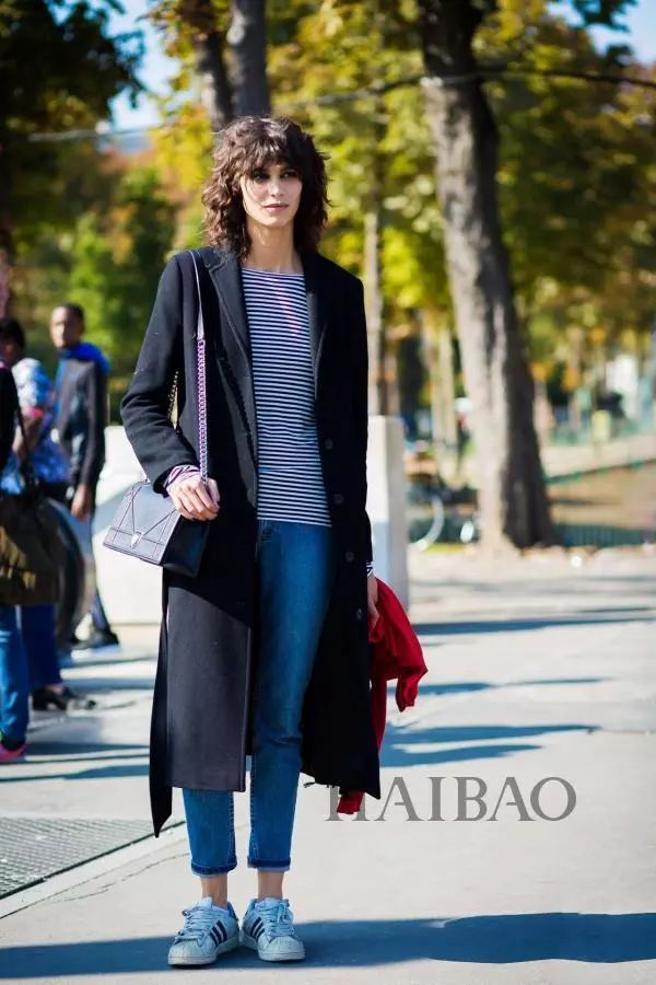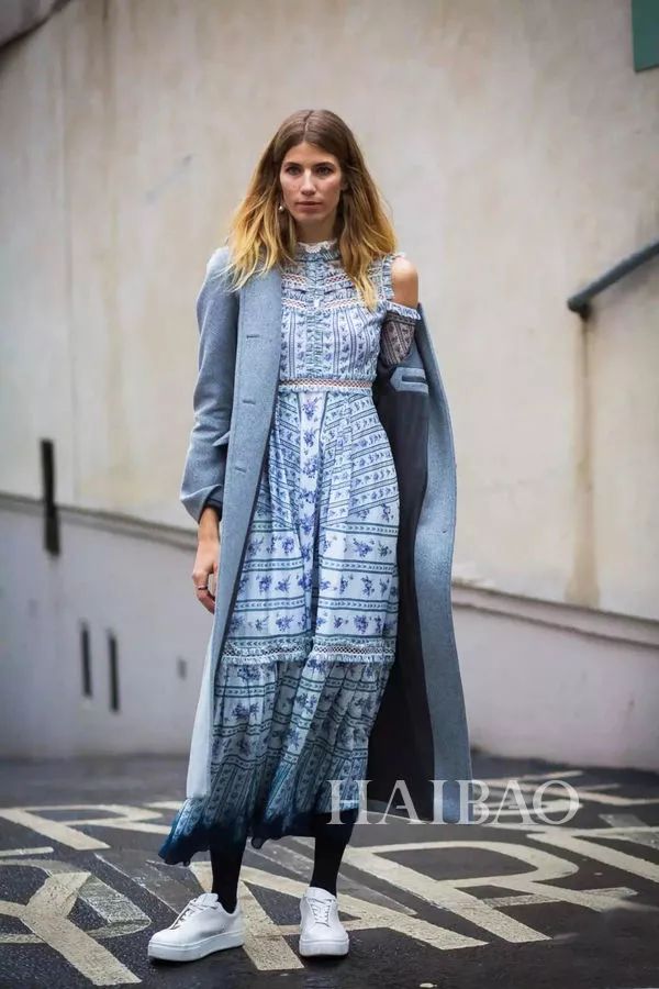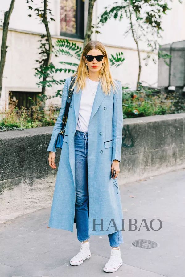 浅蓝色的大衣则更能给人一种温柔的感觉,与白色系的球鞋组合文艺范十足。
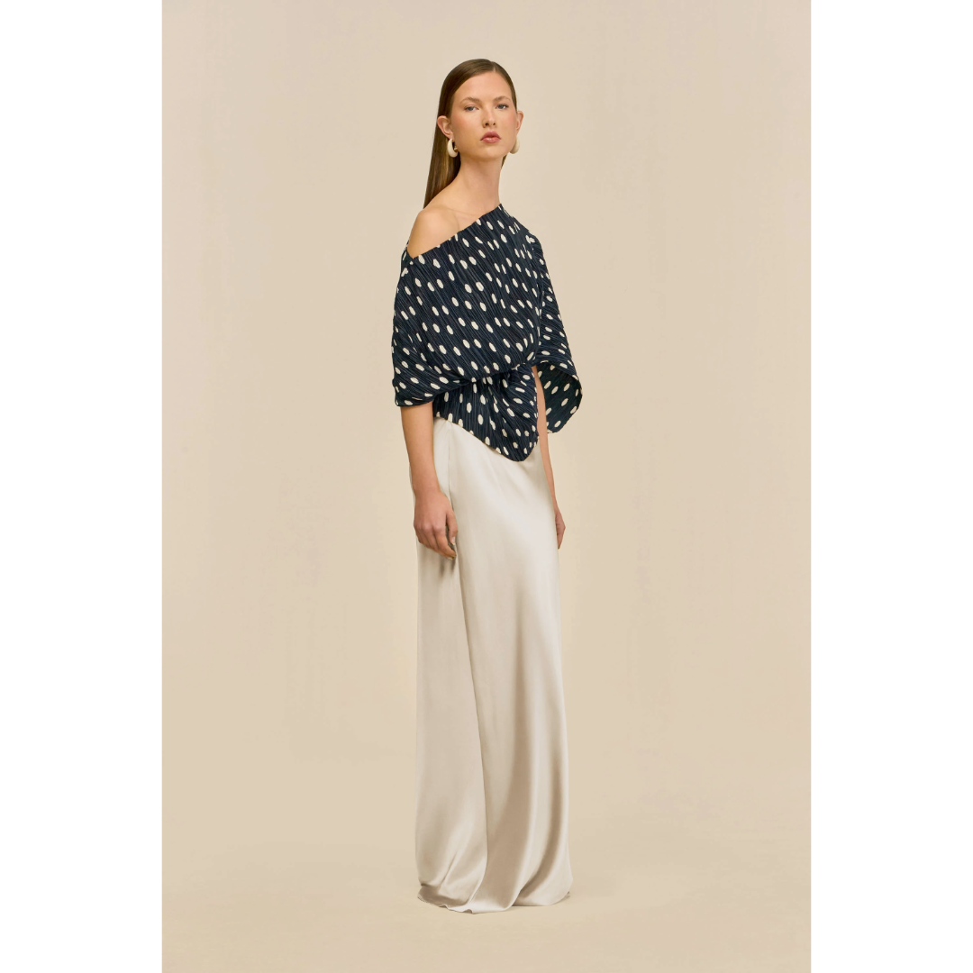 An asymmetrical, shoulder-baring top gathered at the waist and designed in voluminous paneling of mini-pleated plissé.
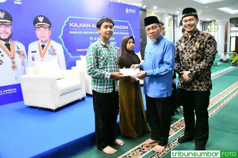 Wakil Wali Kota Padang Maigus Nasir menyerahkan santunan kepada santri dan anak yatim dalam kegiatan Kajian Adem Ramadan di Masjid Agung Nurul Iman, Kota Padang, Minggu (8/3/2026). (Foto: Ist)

* * *

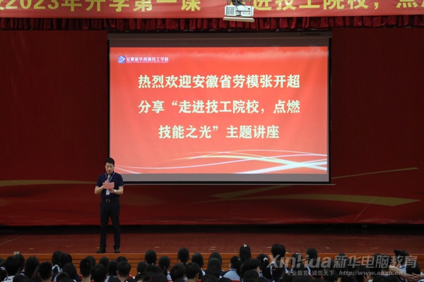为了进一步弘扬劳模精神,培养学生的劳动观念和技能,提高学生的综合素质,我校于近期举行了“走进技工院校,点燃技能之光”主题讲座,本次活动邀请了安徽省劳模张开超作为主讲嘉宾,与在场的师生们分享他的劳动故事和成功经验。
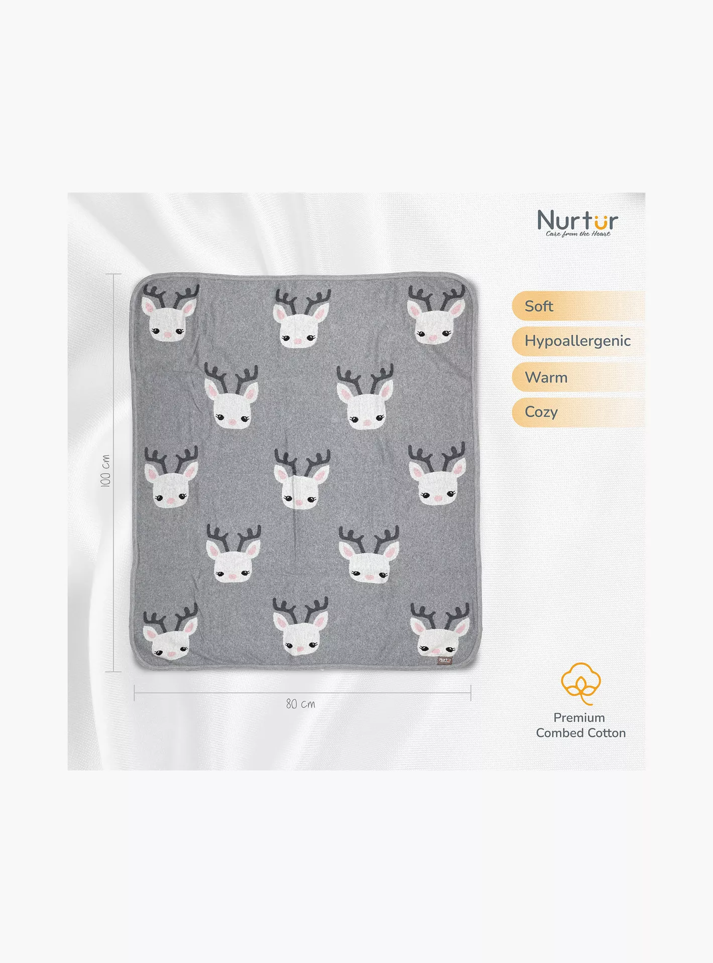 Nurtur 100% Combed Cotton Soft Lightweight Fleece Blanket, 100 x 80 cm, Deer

▶ _Directions_: Print nothing except the lines above from the one containing "浅蓝色的大衣则更能给人一种温柔的感觉,与白色系的球鞋组合文艺范十足。" down to the one containing "Wakil Wali Kota", both included, exactly as written and free of pictures.

▶ _Exercise response_:
 浅蓝色的大衣则更能给人一种温柔的感觉,与白色系的球鞋组合文艺范十足。
 An asymmetrical, shoulder-baring top gathered at the waist and designed in voluminous paneling of mini-pleated plissé.
 Wakil Wali Kota Padang Maigus Nasir menyerahkan santunan kepada santri dan anak yatim dalam kegiatan Kajian Adem Ramadan di Masjid Agung Nurul Iman, Kota Padang, Minggu (8/3/2026). (Foto: Ist)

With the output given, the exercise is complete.